Look, what's really raised my eyebrows isn't that you got your figures wrong (we all make mistakes), but that you've plunged cheerfully on drawing conclusions from them, despite the obvious red flags.
For anyone with any feel for the UK economy, the statement "We spend more public money on broadcasting than on the police," should trigger a reality check.
Sometimes eye-catching figures and conclusions do turn out to be correct, and are a revelation. Other times checking shows we've gone astray, either with the number or its meaning.
This is the art of learning from data, (rather than using it as a blind man uses lampposts - for support not illumination).
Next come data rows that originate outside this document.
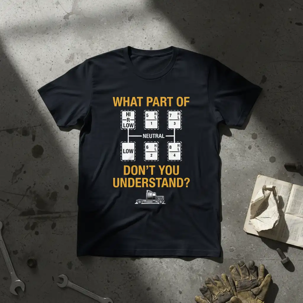 This shirt captures the essence of trucking culture with its bold statement and detailed graphic. The phrase “WHAT PART OF DON’T YOU UNDERSTAND?” is emblazoned across the chest, directly above a clear illustration of a standard 10-speed gear shift pattern. It’s a witty nod to the knowledge truck drivers possess and often have to explain to others. This design is perfect for anyone who spends their days on the road, hauling loads and mastering the art of shifting gears.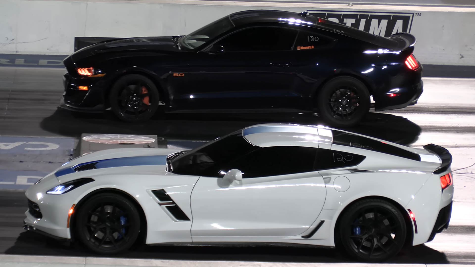 You don’t need to read the headline to know how this drag race ends. As soon as the S550-generation Mustang GT lined up next to the C7 Corvette, we all knew where the Mustang was going —into the wall.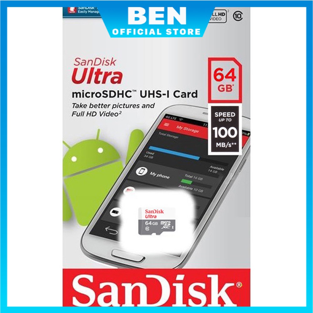 Giới thiệu Thẻ Nhớ MicroSDXC SanDisk Ultra 64GB 100MB/s 667x SDSQUNR-064G-GN3MN

Recognising "that's odd" not only helps us catch where we've wandered astray, it can open new fields of enquiry! There's a classic story about the discovery of the hole in the ozone layer: the software was programmed to ignore anomalous readings as meaningless errors. When the scientists went back to examine the raw data, it turned out the anomalous readings were of... an anomaly, and there was a damn great hole over Antarctica.
Anyway, if anyone is actually interested in police funding, here's a BBC article with a graph of both central government funding and council tax precept over several years. It's England & Wales only, up to 2014/15, real terms in 2014–15 prices, figures taken from an IFS report which on a quick glance seems very informative, explains the sources of police funding, and gives more figures and detail on what is and isn't included in them.
squishy, you may find that report interesting given your concern about local council budgets. I'm getting a bit tired, so I hope I've read it right, but in summary, central government still provided more than two-thirds of public funding to police in E&W in 2014/15, although the percentage of the police's public funding that comes from central government has dropped significantly between 1995-2015.